2000 AIME II Problems/Problem 12

Problem

The points $A$ , $B$ and $C$ lie on the surface of a sphere with center $O$ and radius $20$ . It is given that $AB=13$ , $BC=14$ , $CA=15$ , and that the distance from $O$ to $\triangle ABC$ is $\frac{m\sqrt{n}}k$ , where $m$ , $n$ , and $k$ are positive integers, $m$ and $k$ are relatively prime, and $n$ is not divisible by the square of any prime. Find $m+n+k$ .

Solution

Let $D$ be the foot of the perpendicular from $O$ to the plane of $ABC$ . By the Pythagorean Theorem on triangles $\triangle OAD$ , $\triangle OBD$ and $\triangle OCD$ we get:

$DA^2=DB^2=DC^2=20^2-OD^2$

It follows that $DA=DB=DC$ , so $D$ is the circumcenter of $\triangle ABC$ .

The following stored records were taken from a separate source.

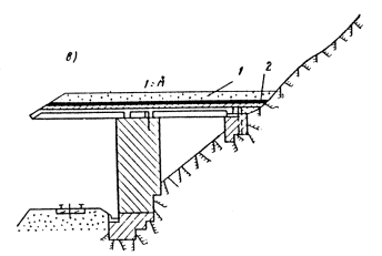 Рис. 40. Противообвальные галереи рамного (а), арочного (б) и консольного (в) типов: 1 - амортизирующая отсыпка; 2 - слой изоляции 6.57. Защитные галереи при сплошных низовых опорах (в виде стен) должны иметь ниши сечением 2х2 м, глубиной 1 м. Их надо располагать через 60 м в шахматном порядке. При открытых низовых опорах ниши должны устраиваться только с нагорной стороны. 6.58. Для уменьшения длины противообвальных галерей при наличии соответствующих местных условий в предпортальных их частях необходимо устраивать противообвальные улавливающие стены. 6.59. Низовые и верховые опоры галерей следует выполнять из сборных железобетонных конструкций (или бетонных блоков) с надежным омоноличиванием. 6.60. Для уменьшения объема верховых опор могут применяться разгружающие консоли и контрфорсы, а при расположении их у скального косогора выполняют анкеровку опор. 6.61. Низовые и верховые сборные железобетонные опоры в пределах каждой секции должны быть объединены поверху продольными ригелями, соединенными между собой штырями. 6.62. Фундаменты опор смежных секций галерей следует закладывать, как правило, на одном уровне. Допускается заложение фундаментов опор смежных секций галерей на разных отметках, при этом для нескальных грунтов переход от высоких к низким отметкам допускается уступами высотой не более 0,5 м. 6.63. Сборные железобетонные перекрытия галерей балочного типа необходимо конструировать из Т-образных бездиафрагменных балок. Балки сборных перекрытий в пределах каждой секции должны быть объединены между собой путем сварки закладных деталей или шпоночными соединениями. 6.64. Гидроизоляция перекрытия должна проектироваться согласно требованиям главы СНиП «Кровли, гидроизоляция, пароизоляция и теплоизоляция». 6.65. Для обеспечения водоотвода на кровле галереи требуется предусматривать устройство бетонных лотков, консольных водосбросов, водоотводных трубок приёмных колодцев и т.п. Поверхности гидроизолирующего слоя на кровле галерей необходимо придавать уклон в низовую сторону. Для отвода грунтовых вод, поступающих к галерее с верховой стороны, должно быть предусмотрено устройство продольного застенного дренажа, связанного с водоприемными колодцами. 6.66. В проектах по устройству галерей должны предусматриваться следующие основные требования к технологии производства и безопасности работ: - при строительстве галерей со сборными опорами с низовой стороны монтаж их следует начинать с установки опор (колонн) в железобетонные подколонники (стаканы), которые должны опираться на массивный фундамент; - ригели при монтаже должны удерживаться в нужном положении подъемными устройствами и насаживаться сквозными отверстиями на металлические штыри, заделанные в колоннах, с последующей заливкой отверстий бетонным раствором; - балки перекрытия должны омоноличиваться поверху галерей, а с нагорной стороны дополнительно заделываться специальными арматурными выпусками в кладку нагорной стены; - устройство амортизирующей отсыпки над галереями надлежит выполнять в процессе строительства или немедленно после его завершения из местного или привозного грунта автосамосвалами. Для подачи грунта автосамосвалами на кровлю галереи за нагорной стеной должны устраиваться въезды или эстакады шириной не менее 4 м. Для развертывания машины па кровле
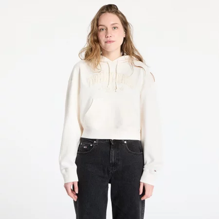 Суитшърт Tommy Jeans Boxy Crop Varsity Hoodie White M
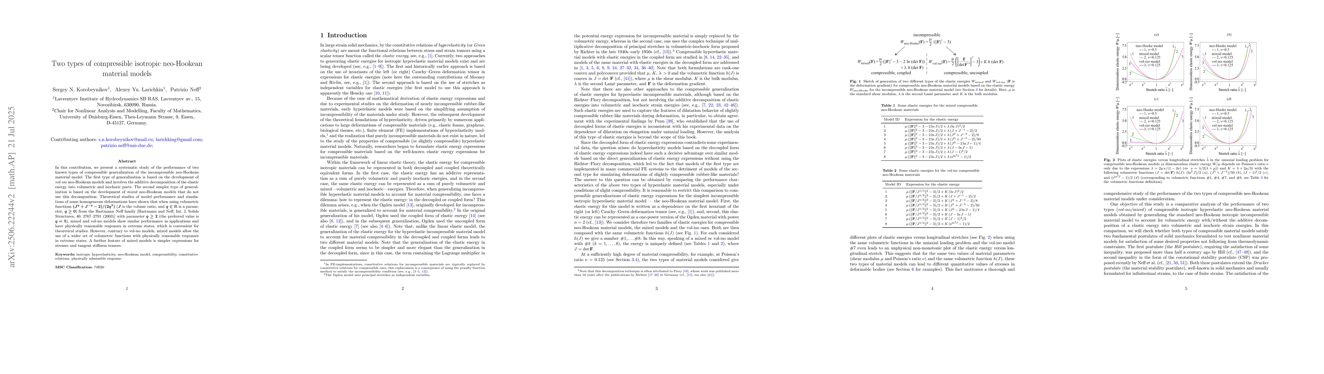 In this book, we present a systematic study of the performance of two known types of compressible generalization of the incompressible neo-Hookean material model. The first type of generalization is based on the development of \emph{vol-iso} neo-Hookean models and involves the additive decomposition of the elastic energy into volumetric and isochoric parts. The second simpler type of generalization is based on the development of \emph{mixed} neo-Hookean models that do not use this decomposition. Theoretical studies of model performance and simulations of some homogeneous deformations have shown that when using volumetric functions $(J^q+J^{-q}-2)/(2q^2)$ ($J$ is the volume ratio, and $q\in \mathbb{R}$ is a parameter, $q\geq 0$) from the Hartmann--Neff family [Hartmann and Neff, Int. J. Solids Structures, 40: 2767--2791 (2003)] with parameter $q\geq 2$ (the preferred value is $q=5$), mixed and vol-iso models show similar performance in applications and have physically reasonable responses in extreme states, which is convenient for theoretical studies. However, contrary to vol-iso models, mixed models allow the use of a wider set of volumetric functions with physically reasonable responses in extreme states. A further feature of mixed models is simpler expressions for stresses and tangent stiffness tensors.
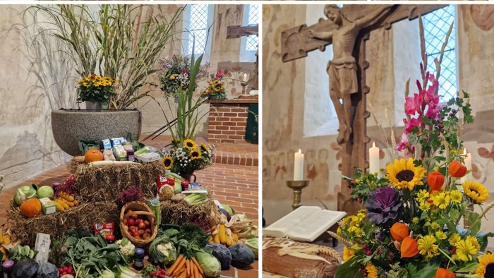 Danke auch an alle fleißigen Hände, die mit Blumen, Früchten und Getreide die Kirche geschmückt, den Gottesdienst gestaltet und das Beisammensein möglich gemacht haben. So wurde Erntedank zu einem lebendigen Zeichen dafür, wie gut es tut, zu teilen und miteinander zu feiern.
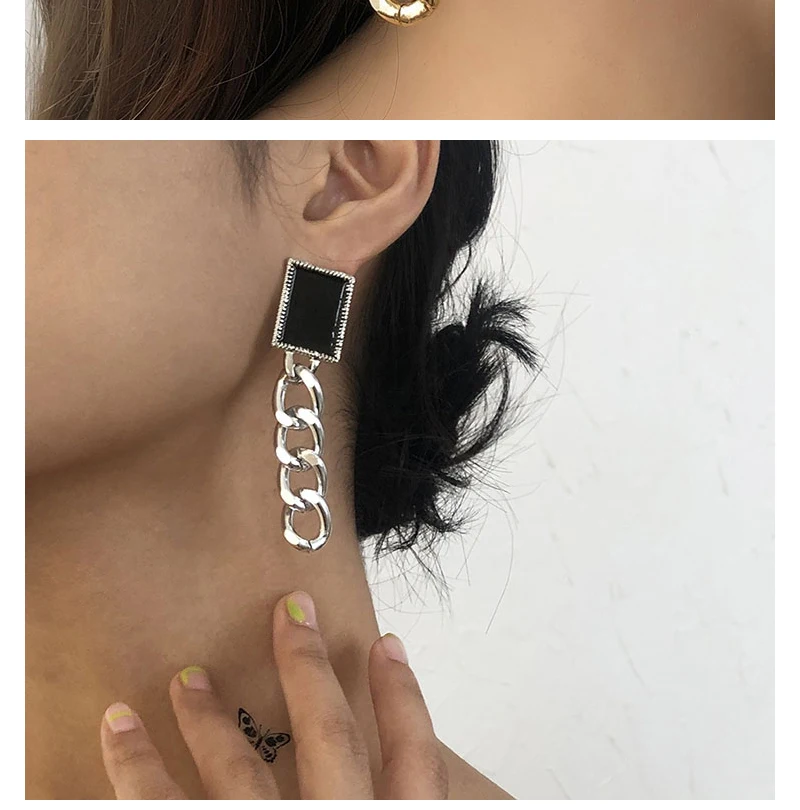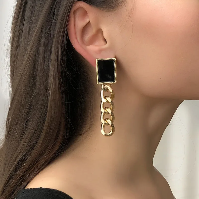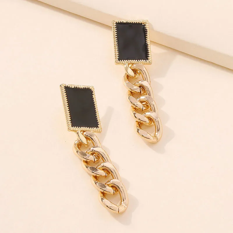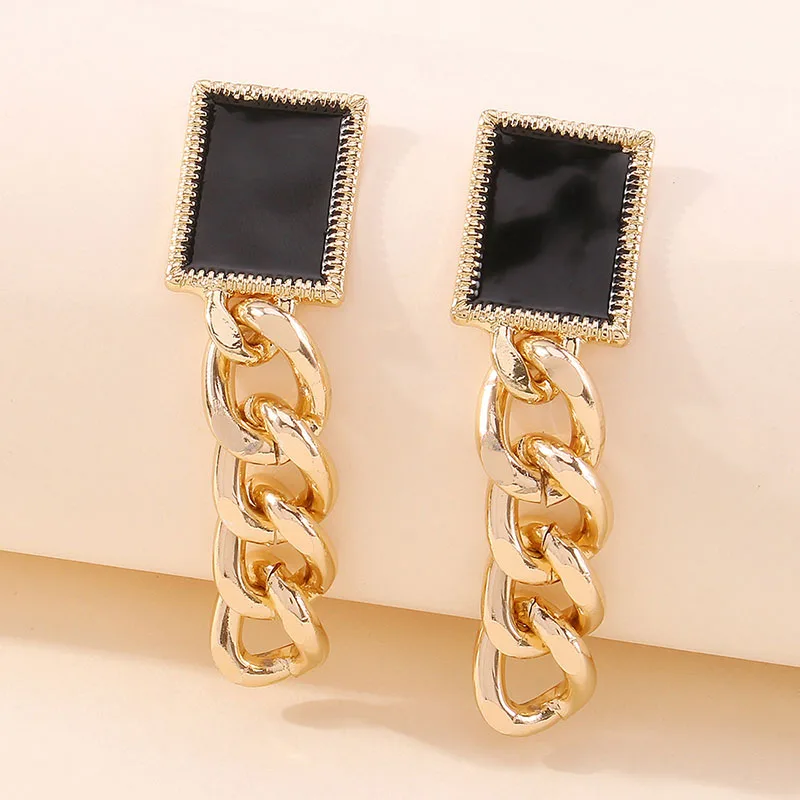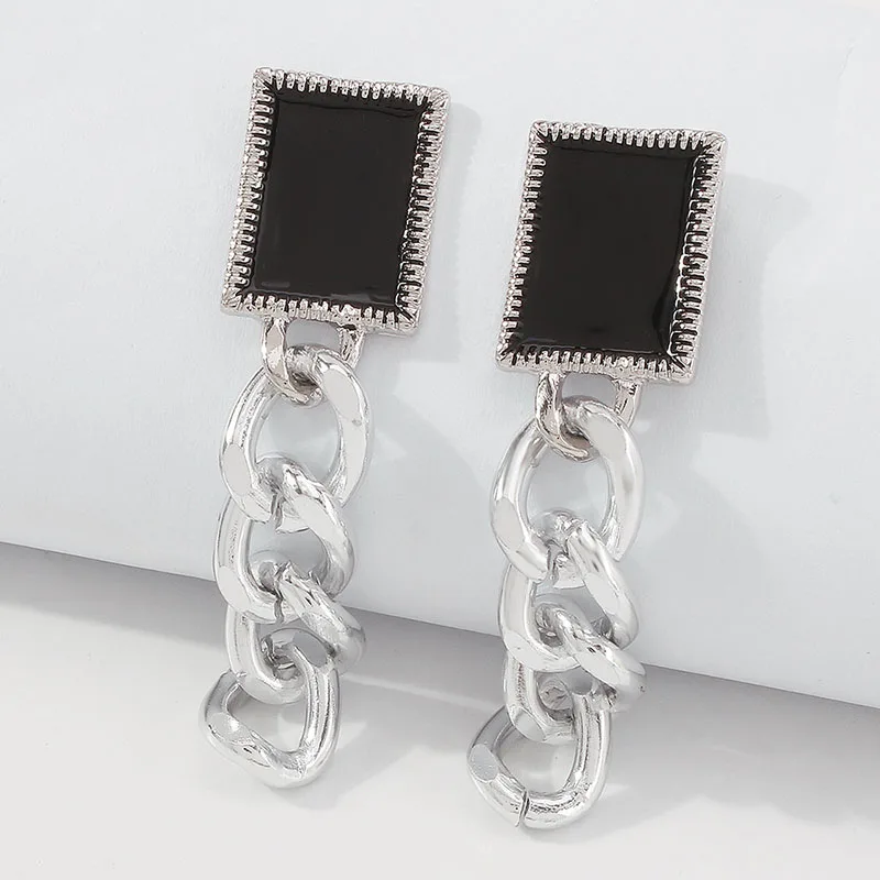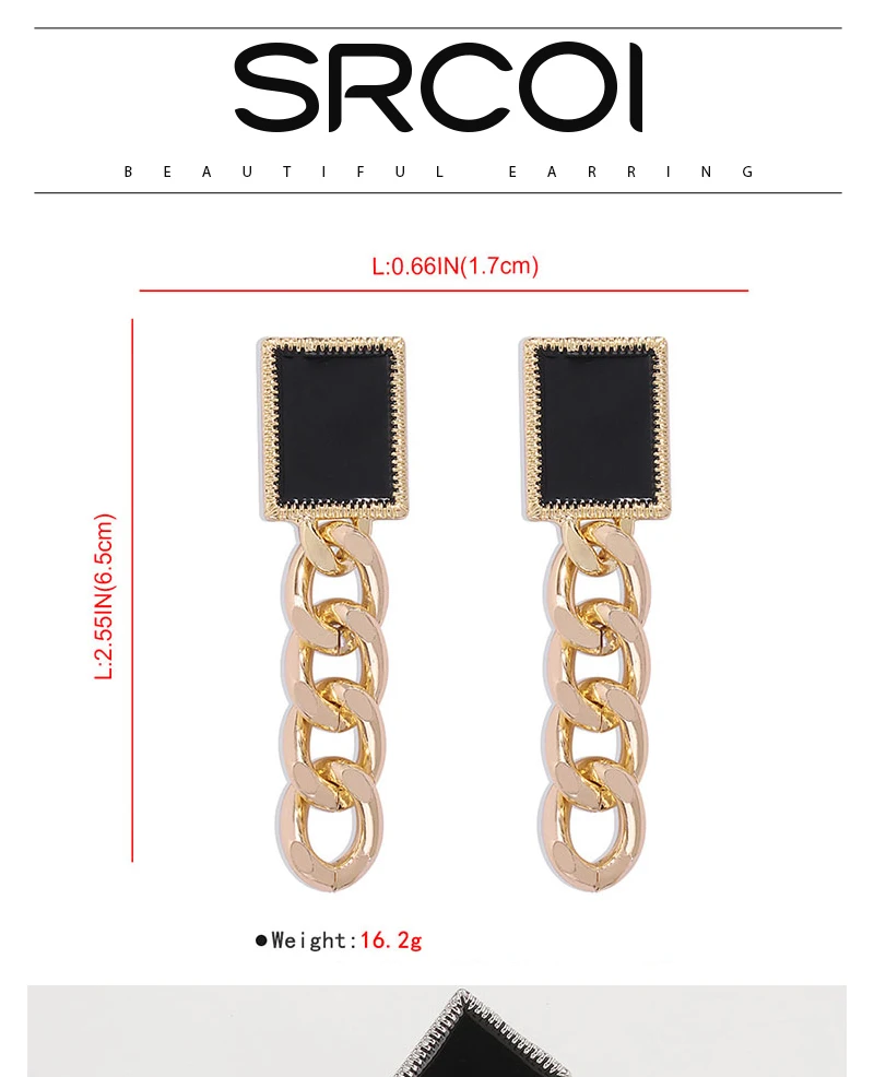SRCOI модные крупные металлические цепочки с кисточками Черная Эмаль Висячие серьги женские панк хип хоп ювелирные изделия Аксессуары для вечеринок 202105

By Heron's Formula the area of $\triangle ABC$ is (alternatively, a $13-14-15$ triangle may be split into $9-12-15$ and $5-12-13$ right triangles):

$K = \sqrt{s(s-a)(s-b)(s-c)} = \sqrt{21(21-15)(21-14)(21-13)} = 84$

From $R = \frac{abc}{4K}$ , we know that the circumradius of $\triangle ABC$ is:

$R = \frac{abc}{4K} = \frac{(13)(14)(15)}{4(84)} = \frac{65}{8}$

Thus by the Pythagorean Theorem again,

$OD = \sqrt{20^2-R^2} = \sqrt{20^2-\frac{65^2}{8^2}} = \frac{15\sqrt{95}}{8}.$

So the final answer is $15+95+8=\boxed{118}$ .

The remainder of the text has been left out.